I was once told that in England a town can be defined as such if it has a church, a post office, a pub and a betting shop. The folk definition of a town in India might include a dairy, a temple, a public telephone and a money transfer outlet.

Remittance services are ubiquitous in big cities and dusty rural towns across India, and it is little wonder. Migrant workers in South Asia move in droves to big cities and other countries in search of work. They send earnings back home and companies like Western Union, whose trademark yellow signs dot the country, are reaping the benefits.

A World Bank report released last week projected that remittances to developing countries alone will reach $240bn this year compared to $221bn in 2006, with Asia receiving $114bn. That would dwarf the $104bn in aid from donor nations and the $167bn worth of foreign direct investment developing countries received last year.
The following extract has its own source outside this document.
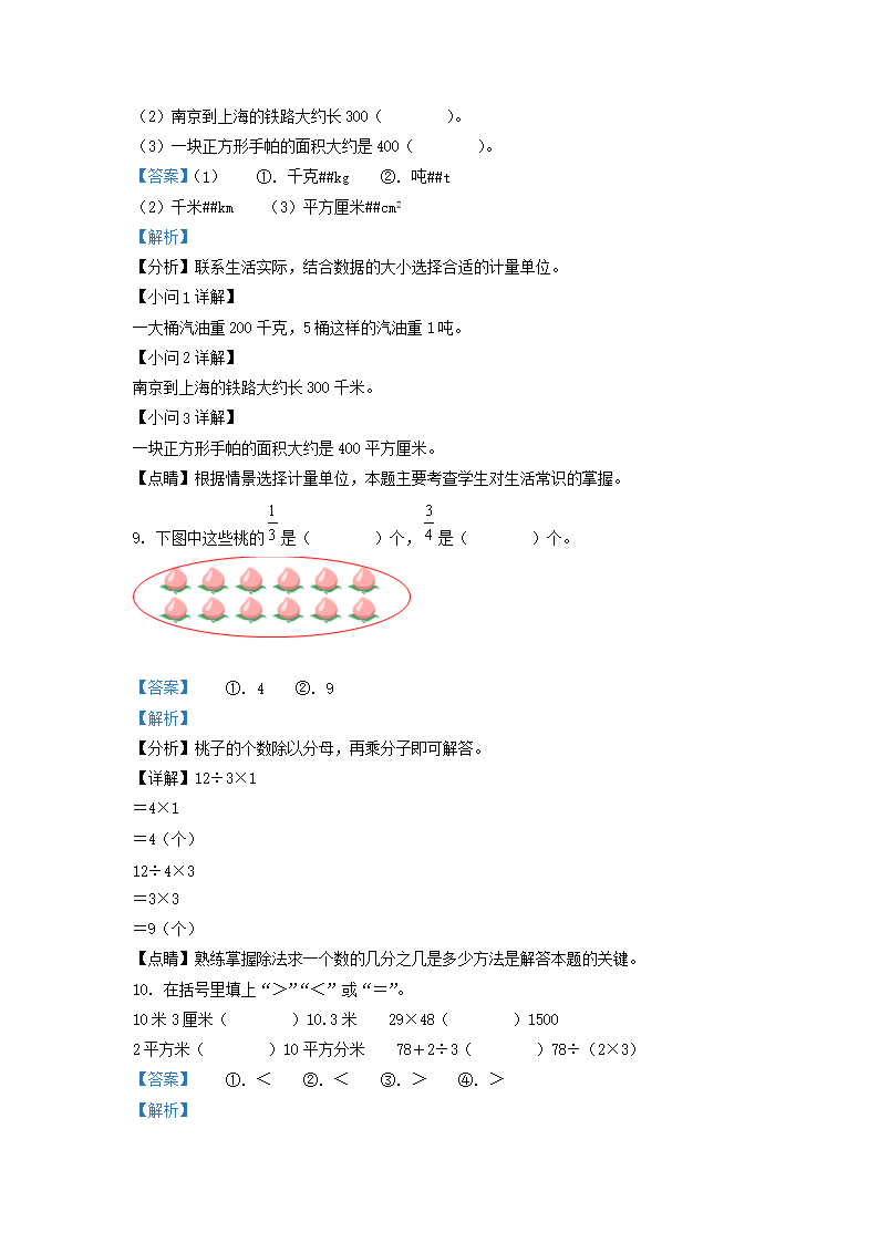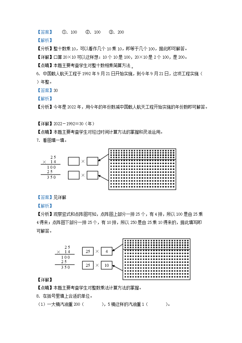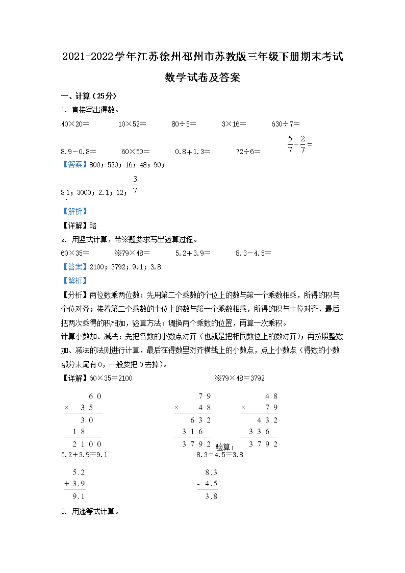 2021-2022学年江苏徐州邳州市苏教版三年级下册期末考试数学试卷及答案(Word版)07-11
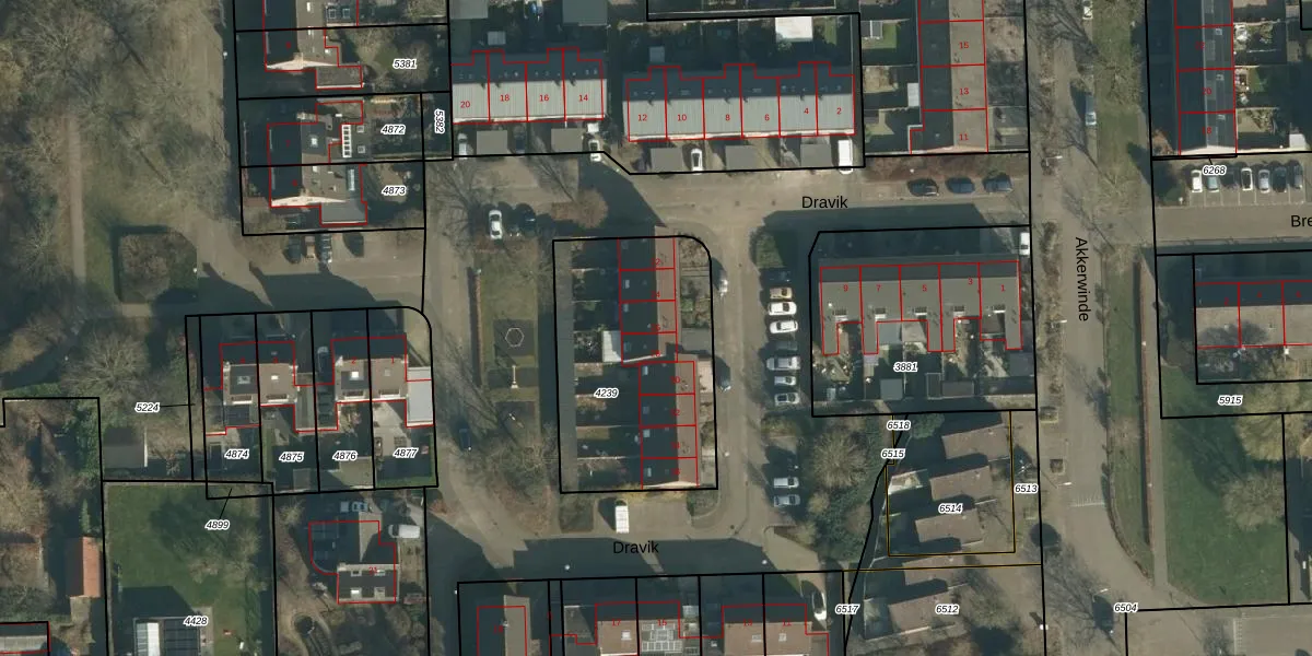 Het perceel waarop Dravik 26 staat heeft een oppervlakte van 917 m². Dit is een groot perceel. De perceeloppervlakte wordt geregistreerd door het Kadaster. Gedetailleerde informatie over de maten van dit perceel kunt u vinden in het rapport Kadastrale kaart met maatvoering van Dravik 26.

India was the biggest remittances recipient last year with $24.5bn, followed by Mexico at $24.2bn and China with $21bn, according to an October report from the International Fund for Agricultural Development (IFAD) and the Inter-American Development Bank (IDB).

Remittances play a vital role in the development of poor countries. The World Bank estimates that every dollar transferred to a developing country contributes three dollars to its economy. Gleaming new homes in Kerala and Punjab – two Indian states that send a large number of workers abroad -- are evidence of the robust inflows.

Transfers of money to India increased 30 per cent in the first half of 2007, said the World Bank, while both Bangladesh and Pakistan reported growth of over 20 per cent in remittances in the first nine months of the year. The jump has been spurred by demand for migrant labour in the strong economies of oil-exporting Middle Eastern countries.

The flow of remittances could get even larger if developments such as mobile phone banking gain ground, resulting in greater convenience and cost-savings. Vodafone and Citigroup are trialing money transfer via mobile phones in Kenya.

Telecom companies are testing similar technology in India, and while progress has been held up by banking regulations, Western Union and Indian telecom operators are carrying on with a mobile phone pilot project. The strong stream of remittances flowing into the country will, they hope, become a mightier river.

Climate change

It is a languid, sunny afternoon in Bangladesh's Sirajgonj district, almost four hours north of the capital of Dhaka near the banks of the mighty Jamuna River. Boys play cricket by the roadside and a long wooden boat drifts in a wide lake.

But the serenity is deceptive. The 'lake' is the remnant of devastating floods this summer. The rain-swollen Jamuna River that courses across India into Bangladesh inundated villages that were home to thousands who farmed, fished and made hand-loom textiles. Today, 75,000 villagers in the district are homeless and many are jobless.

Bangladesh is not alone in suffering the effects of extreme weather. The country and neighbouring India share major rivers such as the Ganges and Jamuna. Both are dependent on monsoon rains for farming yet are vulnerable to extreme flooding . In India, 31m were affected and 1,500 killed by this summer's monsoon floods.

There is no proven link to climate change, but experts say that India and low-lying Bangladesh are highly vulnerable. Coastal cities such as Kolkata in eastern India and heavily populated "mega-deltas" in Bangladesh are at greatest risk from increased sea and river flooding, said the Intergovernmental Panel on Climate Change (IPCC), the world's top authority on climate change.

A three- to four-degree increase in global temperatures could cause floods that would displace 70m people in Bangladesh, according to a UN Development Programme (UNDP) report.

Yet the world's "least developed countries" generate just a fraction of global emissions linked to climate change. India, the world's fourth-largest emitter, generates 1.2 tonnes per capita, compared to 20.6 tonnes in the US and 9.8 tonnes in the UK, according to the UNDP.

How fast-growing India and China plan to curb emissions and tackle global warming is a topic of debate at the UN summit on climate change under way in Bali. Representatives from 185 countries are negotiating a successor to the Kyoto Protocol, which expires in 2012.

Under the Kyoto Protocol, developing countries – unlike rich ones – do not have emissions-reduction targets. But India, growing at 9 per cent annually and expected to double energy consumption between 2005 and 2030, is coming under pressure to take action.

Manmohan Singh, Indian prime minister, this summer convened an advisory board to come up with a plan to tackle climate change. But the council has yet to report its conclusions and India has not taken up any formal policy.

India's vulnerability to climate change and its growing contribution to emissions means decisive action needs to happen soon. While talks are taking place in air-conditioned luxury hotels, thousands in India and Bangladesh will bear the harsh toll of inaction.